[Python-Dev] Re: heaps

Tim Peters tim.one@comcast.net
Sun, 04 May 2003 01:26:09 -0400


[Tim]
>> ...
>> priorityDictionary looks like an especially nice API for this specific
>> algorithm, but, e.g., impossible to use directly for maintaining an N-
>> best queue (priorityDictionary doesn't support multiple values with
>> the same priority, right?

That was wrong:  the dict maps items to priorities, and I read it backwards.
Sorry!

>> if we're trying to find the 10,000 poorest people in America, counting
>> only one as dead broke would be too Republican for some peoples' tastes
>> <wink>).  OTOH, heapq is easy and efficient for *that* class of heap
>> application.

[David Eppstein]
> I agree with your main points (heapq's inability to handle
> certain priority  queue applications doesn't mean it's useless, and
> its implementation-specific API helps avoid fooling programmers into
> thinking it's any more than what it is).  But I am confused at this
> example.  Surely it's just as easy to store (income,identity) tuples in
> either data structure.

As above, I was inside out.

"Just as easy" can't be answered without trying to write actual code,
though.  Given that heapq and priorityDictionary are both min-heaps, to
avoid artificial pain let's look for the people with the N highest incomes
instead.

For an N-best queue using heapq, "the natural" thing is to define people
like so:

class Person:
    def __init__(self, income):
        self.income = income

    def __cmp__(self, other):
        return cmp(self.income, other.income)

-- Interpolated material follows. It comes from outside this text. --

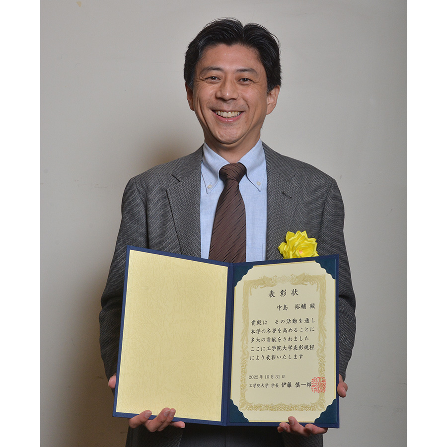 10月31日に開催された学園創立135周年記念表彰において、2022年度「工学院大学ベストティーチャー」として賞状と記念品を授与しました。

and then the N-best calculation is as follows; it's normal in N-best
applications that N is much smaller than the number of items being ranked,
and you don't want to consume more than O(N) memory (for example, google
wants to show you the best-scoring 25 documents of the 6 million matches it
found):

"""
# N-best queue for people with the N largest incomes.
import heapq

dummy = Person(-1)  # effectively an income of -Inf
q = [dummy] * N     # it's fine to use the same object N times

for person in people:
    if person > q[0]:
        heapq.heapreplace(q, person)

# The result list isn't sorted.
result = [person for person in q if q is not dummy]
"""

I'm not as experienced with priorityDictionary.  For heapq, the natural
__cmp__ is the one that compares objects' priorities.  For
priorityDictionary, we can't use that, because Person instances will be used
as dict keys, and then two Persons with the same income couldn't be in the
queue at the same time.  So Person.__cmp__ will have to change in such a way
that distinct Persons never compare equal.  I also have to make sure that a
Person is hashable.  I see there's another subtlety, apparent only from
reading the implementation code:  in the heap maintained alongside the dict,
it's actually

    (priority, object)

tuples that get compared.  Since I expect to see Persons with equal income,
when two such tuples get compared, they'll tie on the priority, and go on to
compare the Persons.  So I have to be sure too that comparing two Persons is
cheap.

Pondering all that for a while, it seems best to make sure Person doesn't
define __cmp__ or __hash__ at all.  Then instances will get compared by
memory address, distinct Persons will never compare equal, comparing Persons
is cheap, and hashing by memory address is cheap too:

class Person:
    def __init__(self, income):
        self.income = income

The N-best code is then:

"""
q = priorityDictionary()

for dummy in xrange(N):
    q[Person(-1)] = -1   # have to ensure these are distinct Persons

for person in people:
    if person.income > q.smallest().income:
        del q[q.smallest()]
        q[person] = person.income

# The result list is sorted.
result = [person for person in q if person.income != -1]
"""

Perhaps paradoxically, I had to know essentially everything about how
priorityDictionary is implemented to write a correct and efficient algorithm
here.  That was true of heapq too, of course, but there were fewer
subtleties to trip over there, and heapq isn't trying to hide its
implementation.

BTW, there's a good use of heapq for you:  you could use it to maintain the
under-the-covers heap inside priorityDictionary!  It would save much of the
code, and possibly speed it too (heapq's implementation of popping usually
requires substantially fewer comparisons than priorityDictionary.smallest
uses; this is explained briefly in the comments before _siftup, deferring to
Knuth for the gory details).

> If you mean, you want to find the 10k smallest income values (rather than
> the people having those incomes), then it may be that a better data
> structure would be a simple list L in which the value of L[i] is
> the count of people with income i.

Well, leaving pennies out of it, incomes in the USA span 9 digits, so
something taking O(N) memory would still be most attractive.